Он взял булочку. Корочка у нее была коричневого цвета, размером она не превышала его ладони, а благоухала маслом и сдобой. Герцер надломил ее, и внутри она оказалась не белой, а золотисто-коричневой. Он понюхал и откусил, а потом быстро запихал в рот всю целиком.
– Объедение! – промычал он.
Две поварихи рассмеялись, а девушка у прилавка, жарившая яичницу, даже подмигнула ему.
– Самый старый из известных рецептов выпечки хлеба, – сказала она. – Мы только сейчас смогли намолоть достаточно муки.
– Что это? – прожевав, спросил Герцер.
– Это хлеб, благодаря которому на свете появились пирамиды, – ответила женщина постарше. – Египетский хлеб. Тяжелый, в нем много минеральных веществ и витаминов.
– Хлеб и пиво, – кивнул Герцер. – Я слышал об этом, но никогда не мог представить себе такого вкуса. Он один может заменить целый обед.
– Так все говорят, – весело ответила девушка за прилавком. – Строители пирамид питались лишь хлебом и пивом, иногда ели рыбу, а по праздникам – мясо. Но посмотри, что им удалось построить. – Одним движением руки она перевернула содержимое сковороды на деревянную доску, заменявшую тарелку.
Герцер нагнулся вперед и накрыл своей рукой ее руку.
– Настанет день, и про нас скажут то же самое, – пообещал он.
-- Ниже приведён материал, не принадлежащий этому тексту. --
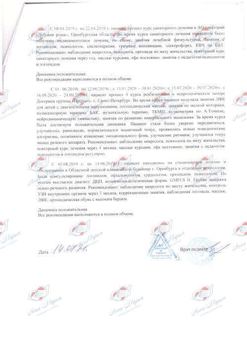 До полных двух лет реабилитировать нашу крошку никто не брался из-за непонятной ситуации с легкими и дыханием. С двух лет мы начали усиленно заниматься восстановлением нашей девочки. Прошли шесть курсов реабилитации в реацентре «Самара», курс реабилитации в МЦ «Сакура» и РЦ «Колыбель Сердец», 4 курса в МЦ «Прогноз». Кроме этого, постоянно делаем массаж и проходим курсы медикаментозного лечения.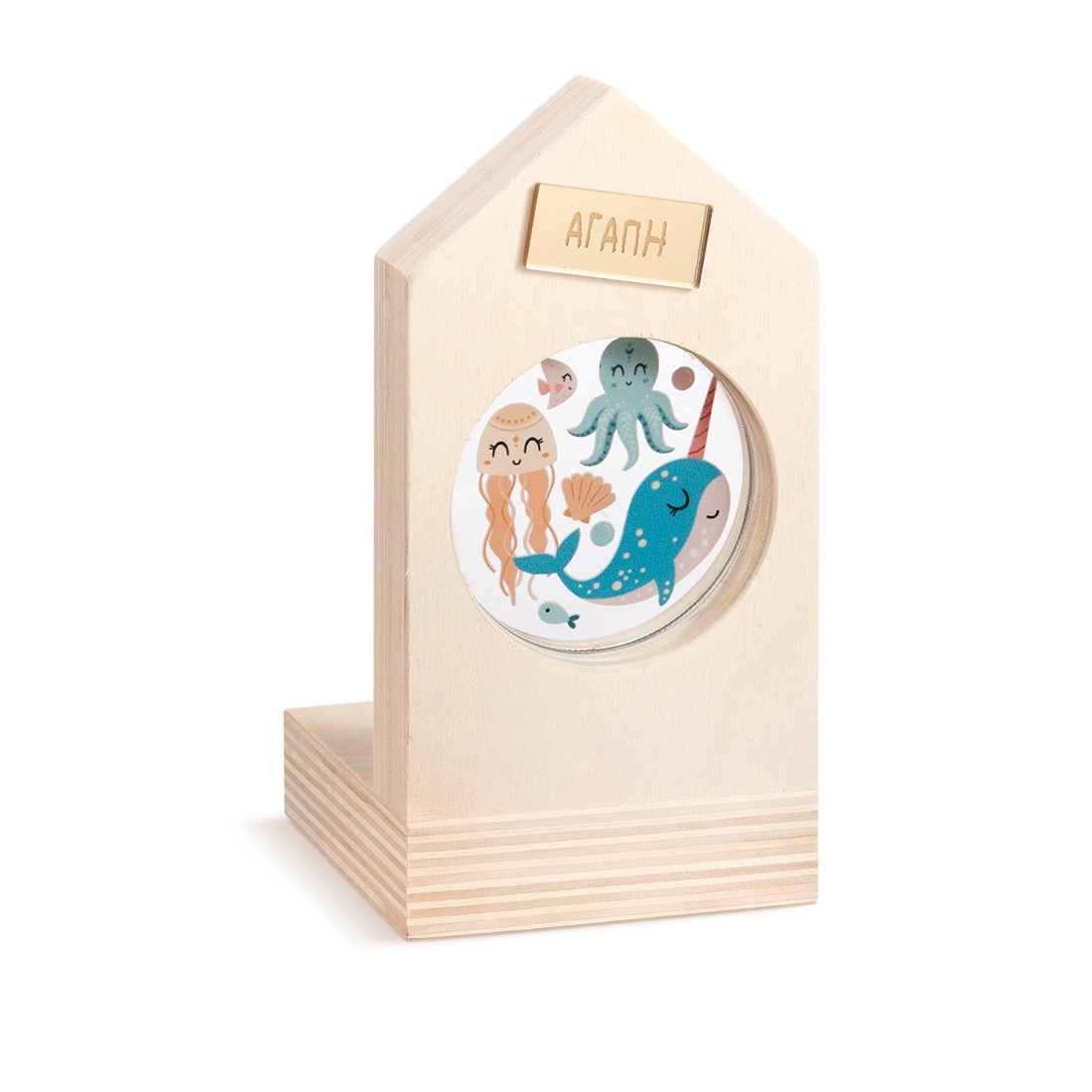 Ξύλινο διακοσμητικό σπιτάκι με ρεσώ.Το σπιτάκι είναι διακοσμημένο με στρογγυλό print plexiglass σε διάφανο χρώμα.Η παράσταση απεικονίζει τον βυθό με την φάλαινα,το χταπόδι, την μέδουσα.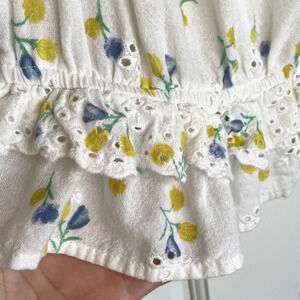 Zara Women's Floral Eyelet Crop Top Sz M Ruffle Smocking Cottagecore Prairie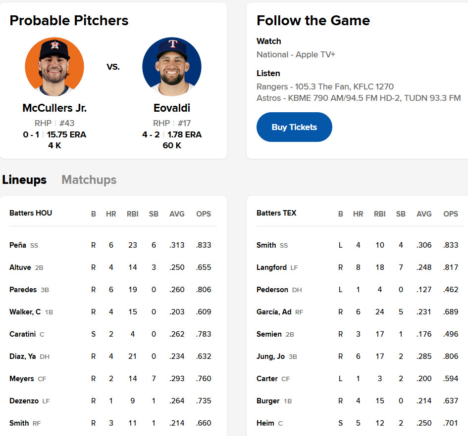 It was tough losing a game like the one Hunter Brown pitched last night. The Rangers were able to bring a revitalized Jacob DeGrom against our ace, and you can’t win if you don’t score. Tonight, the task may be just as tough for Astros hitters against Nathan Eovaldi. But for the Rangers…..? In his last start, his second after a two-year injury hiatus, Lance McCullers looked like he was washed. Can he recover tonight?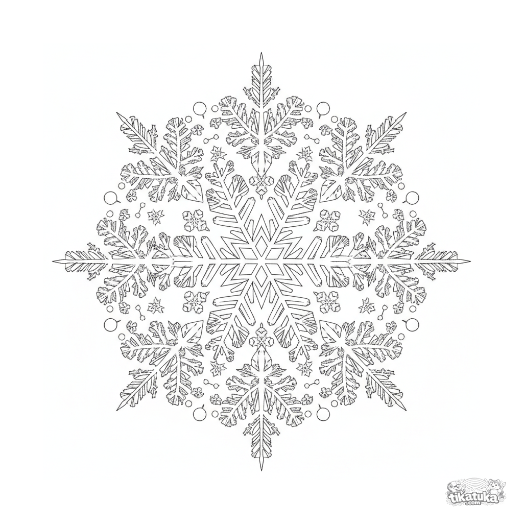 Intricate snowflake mandala with six-fold symmetry coloring page for ages 10-12. Ice crystal branches, feathery patterns, fine engraving-style details.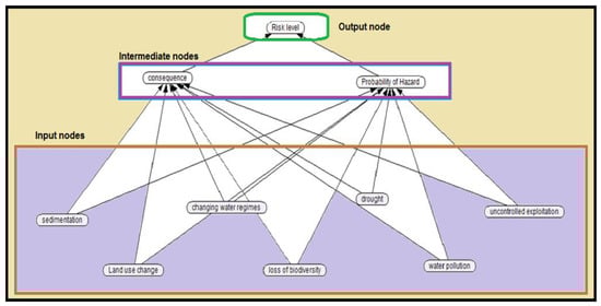 Recently, there has been increased interest in the use of graphical tools such as Bayesian networks (BNs) in natural resource modeling and management [20]. BN’s capabilities for accurate decision-making when complex multi-dimensional uncertainties exist in a system make it an ideal method for the assessment of risk levels in wetlands. BNs use two types of networks, namely Bayesian decision networks (BDNs) and Bayesian belief networks (BBNs). BBNs are an efficient and accurate tool for analyzing risk models, offering a pragmatic and scientifically credible approach for modeling complex systems where substantial uncertainties exist [21,22,23,24,25].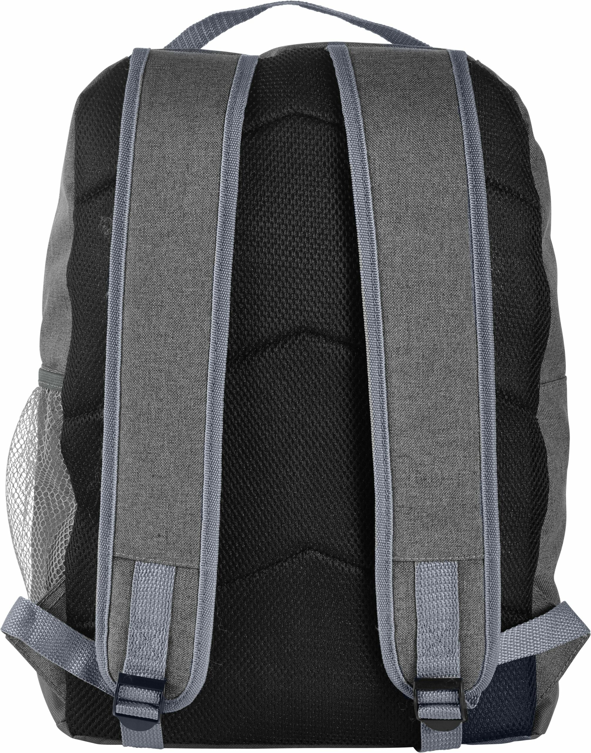 0946 | Mochila de loneta polycanvas (600 D) con un gran compartimento central con cierre de cremallera y una pequeña salida para los auriculares. Tiene un bolsillo lateral de malla.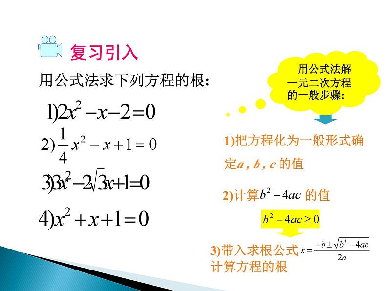 初中数学沪科版八年级下册17.1 一元二次方程示范课ppt课件: 这是一份初中数学沪科版八年级下册<a href="/sx/tb_c70395_t3/?tag_id=26" target="_blank">17.1 一元二次方程示范课ppt课件</a>,共14页。PPT课件主要包含了复习引入,温故而知新,配方法,合作探究,反之同样成立,方程有两个不相等的根,方程有两个相等的根,方程没有实数根,判别式与根,一般步骤等内容,欢迎下载使用。

Она кокетливо улыбнулась, повернулась в сторону и подхватила сосиску из кастрюли.
– Положить? – Девушка подняла одну бровь.
«Неужели для того, чтобы женщины стали меня замечать, должен был случиться конец света?» – мелькнуло в голове Герцера. Он уже окрестил девушку «веселенькой»: она была миленькой и не по-современному пухленькой, где-то раздобыла старинное платье, которое ей было тесновато в груди, так что все лишнее выпирало наружу. Из-под платка виднелись рыжие завитки волос. В памяти Герцера всплыл другой образ, и он улыбнулся.
– Нет, спасибо. – Герцер подмигнул девушке.
Но тарелку каши взял, он уже слишком привык к кукурузной каше по утрам; взял еще одну булочку и масло с джемом для каши, поставил все на поднос и еле донес его до столика. Вокруг кухни бродило много народу, но, как и накануне, он не мог сфокусировать внимание ни на чем и ни на ком. Люди толпились группами по берегу ручейка, кто-то беседовал, кто-то спорил. Герцер еще раз огляделся и понял, что он почти никого тут не знает. В городке, должно быть, собрались две-три тысячи человек, а он знал всего человек пятнадцать – двадцать. Как странно чувствовать себя одиноким, когда вокруг столько народу. И еще – какой разнообразной, но в то же время замкнутой была его жизнь до Спада. Раньше он никогда не ездил на Ярмарки. Самое большее, на что он решался, это вечеринки, которые устраивала Маргарет. Из-за своей болезни Герцер избегал незнакомых людей, а так как болезнь прогрессировала, он становился все более и, более замкнутым. И теперь у него, наверное, друзей больше, чем когда-либо раньше. И еще Герцер впервые оказался в месте скопления такого количества народа.